Rate fears to boost Asian currency debt appeal

Asian local currency debt will look more appealing as US Treasury yields rise and investors' risk appetite grows.
Emerging market local currency bonds to benefit from the rise in US Treasury yields
Emerging market local currency bonds to benefit from the rise in US Treasury yields

Stronger US economic growth will push Treasury yields higher during the remaining months of 2014, according to fixed income specialists, and could help to renew interest in Asian local currency debt as investors seek out fatter returns.

With core European yields expected to remain lower for longer as the eurozone recovery wilts, currency speculators continue to search for carry trade opportunities — exploiting yield differentials by borrowing in one currency and investing in another. But carry is not the only game in town.

“Carry considerations remain relevant for Asia bonds, but currency returns have recently become a more dominant component,” Andre de Silva, head of rates research for Asia Pacific at HSBC said, adding that Indonesia and Thailand have led currency gains across emerging market Asia during the past month.

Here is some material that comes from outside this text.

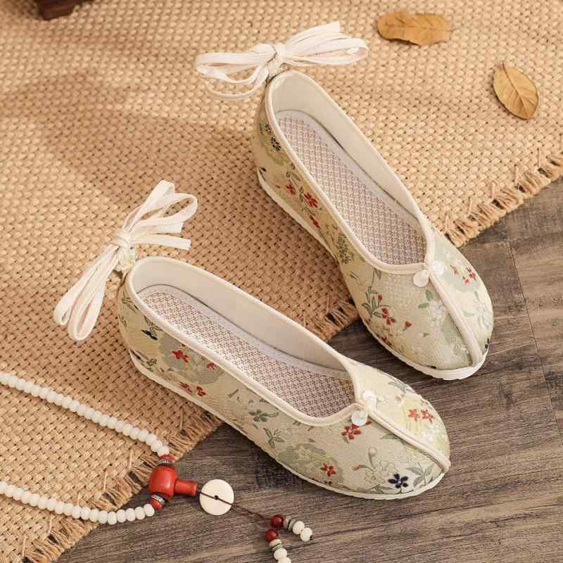 ダンスシューズ レディース 民族風布靴 刺繍 坡跟 インヒール ラウンドトゥ フラットシューズ 金糸緞 綿布 春夏秋 ベージュ ピンク

The performance of the Thai baht was particularly noteworthy at 2%, while fixed income returns touched 0.8%, according to HSBC in a recent report. For investors seeking exposure to the Thai currency, the bank said that short-dated debt instruments are more suitable as supply pressure looms in August.

Likewise, Indonesia’s currency returns exceeded fixed income gains by 0.6% after the country’s presidential election came to a peaceful and decisive conclusion, prompting nearly $2 billion of equity and bond inflows in July.

While near-term economic data and events are unlikely to trigger a significant local currency bond rally, the high interest income still makes for a good carry trade, specialists said.

“We have seen continued inflows into Asia’s bonds ... which have helped boost nearly every currency in the regional foreign exchange space,” said Frances Cheung, head of Asian rates strategy at Credit Agricole, in a press briefing held in Hong Kong in July.

Investors are concerned about the health of the markets as the US Federal Reserve is expected to end its monthly bond buying in October this year and to start hiking interest rates in 2015.

However, investors and analysts have been predicting higher rates all year without much success. Fears that rates would climb from 3% at the start of the year did not come true, but interest-rate strategists at Goldman Sachs and JP Morgan are sticking by their hunches and still predict the 10-year yield to rise to 3% by the end of the year from current levels of 2.43%, according to Bloomberg data.

Pockets of opportunity
Higher US Treasury rates do not mean that dollar (or yen or euro) investors will be unable to find higher returns, but such opportunities may require investors to be more selective, according to fixed income analysts.

“Asian emerging market fixed income has provided good returns so far this year,” Elke Schoeppl-Jost, chief investment officer for Asia-Pacific at Deutsche Asset and Wealth Management. “Selectivity will be crucial, however: actors driving the market continue to move from broad macroeconomic and policy concerns to more specific issues.”

Last month, issuers such as Korea’s sovereign note maturing in 2044 and Chinese Overseas Land Investment’s bond expiring in 2042 offered returns of 9.33% and 4.96%, according to Bloomberg.

But the real surprise was the performance of high-yield issuers such as Pertamina’s 2044 note and Fantasia’s 2019 paper, with gains of 7.14% and 6.93% respectively.

The shift to high-yield issuers will continue as a combination of favourable influences reinforce rising confidence, a trend that is likely to continue for the rest of 2014 and possibly out to the first quarter of next year, specialists said. China, India and Indonesia in particular will underpin improving confidence.

“We feel that the Asian credit market, in particular the high-yield, should benefit from diminishing GDP and inflation volatility,” said Dilip Shahani, global head of research for Asia Pacific at HSBC. “The logic is simply that better macro certainties encourage risk-taking behaviour.”

Asian high-yield still offers significant spread over comparable US issuers within the same rating buckets, HSBC noted in a recent report. The Asian premium is even more excessive as investors drop into the single-B rating space.

“This sector has the highest re-rating likelihood as market participants become more confident with the top-down outlook for the Asia region ex-Japan,” Shahani said, adding that investors should continue to focus on lower-rated China high-yield property issuers.

Additionally, further reforms should keep investor sentiment positive towards India, and the same goes for China. One of the areas that could be affected by reforms is bond supply.

The Reserve Bank of India recently provided concessions to local banks to provide infrastructure loans, with one of the requirements being such that loans are funded by long-dated bonds.

“This not only impacts the local bond market, but it also indicates a willingness by the authorities to ease the financing channel for infrastructure spending,” Kenneth Ho, credit analyst at Goldman Sachs said. “We think that more new issuance could create relative value opportunities.”